- Кхе-кхе, - наш провожатый закашлялся. - Будь проклят чёртов смог! Так я впервые услышал это слово. Меня кольнула смутная догадка, что смог - это пелена серых облаков над городом. Ну, а удивившие меня виды описывать незачем. Мне шёл тогда всего десятой год и на первый раз мой восторг простителен. Читателям моим, уже видавшим города со спин драконов, лишь скажу, что Гружанхолл наш гораздо краше. А тем, кто ещё не видел, осталось лишь немного подрасти и подучиться.

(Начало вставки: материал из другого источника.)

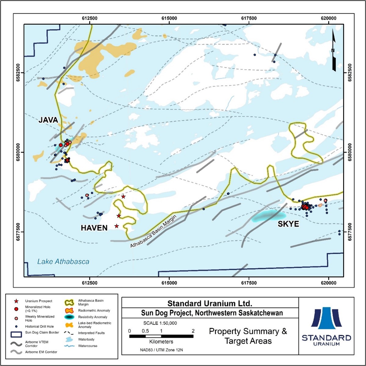 The Company has received the results of a high-resolution ground gravity survey completed over the Skye, Haven, and Java target areas on the Project, further refining high-priority uranium drill targets across the 15,770-hectare property (Figure 1). Several gravity-low anomalies have been identified and coincide with breaks or flexures in electromagnetic (EM) conductors under Athabasca sandstone cover, providing compelling ready-to-drill unconformity-related uranium targets. The Standard Uranium team arrived at the Project on March 1st, and drilling commenced at the first Skye target drill hole on March 4th, 2022. In addition, a high-resolution UAV magnetic survey will be carried out over the coming days to add further geological context to this season’s drill targets which are locally following up on known high-grade1 uranium mineralization.
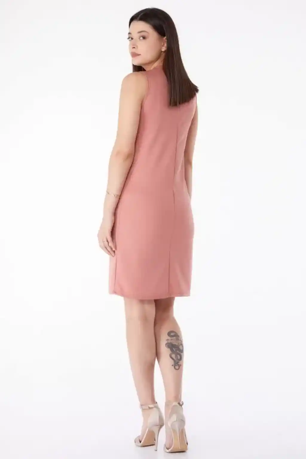 Askılı ch kumaş düğmeli elbise pudrabeyaz h265007
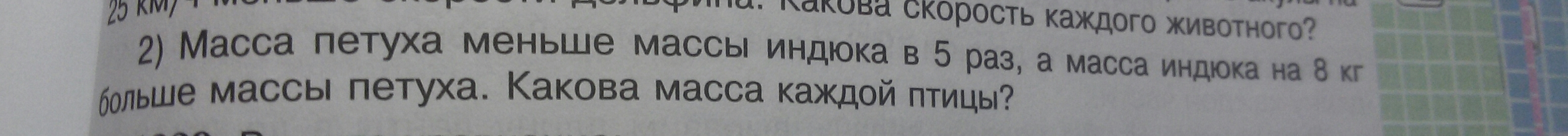 Предположим, что масса петуха х кг, тогда 5х кг масса индюка, также из условия задачи известно, что масса индюка на 8 кг больше массы петуха, а именно (х+8) кг

Из кабинки мы вышли в совершенно другой город, ничего общего, кроме названия, не имеющий с только что покинутыми районами. Таково было моё первое впечатление, и оно в дальнейшем с накоплением знаний и опыта лишь укреплялось. Этот город владел миром и всячески это подчёркивал помпезностью зданий, скульптур, какой-то дикой беспардонностью, с которой он захватил обширнейшие площади под зелёные насаждения у мира тесных переулков и хмурых стен. У меня, рождённого свободным в свободном мире наших таинственных дебрей и жутких легенд, сам вид прирученной, униженной, приневоленной природы вызвал отчётливую неприязнь. Ту самую, что явственно читал я и на ваших юных лицах в зале тактики во время просмотра слайдов по теме "Примеры стационарных городских целей статусного и психологического значения". Для общей картины добавлю лишь, что изнутри столичный административный район вполне соответствовал своей наружности. В коридорах присутственного места широкой поступью хозяев жизни шествовали одинаково вычурно одетые человечки в париках, а просители жались у стен. Благо, что провожатый наш во всём хорошо разбирался - вряд ли кто-нибудь нам подсказал, да и спрашивать не возникало ни малейшего желания. Здесь всё указывало на мою ничтожность, никчёмность, несвоевременность. Магуры образивариума умудрялись выразить всё это одними лишь взглядами, совершенно на меня не глядя! И я увидел на их рожах тем только вызванную мерзостную радость, что мой папа, каменея скулами, был вынужден спокойно отвечать на десятки их дурацких вопросов, заданных с оскорбительной скучающей небрежностью.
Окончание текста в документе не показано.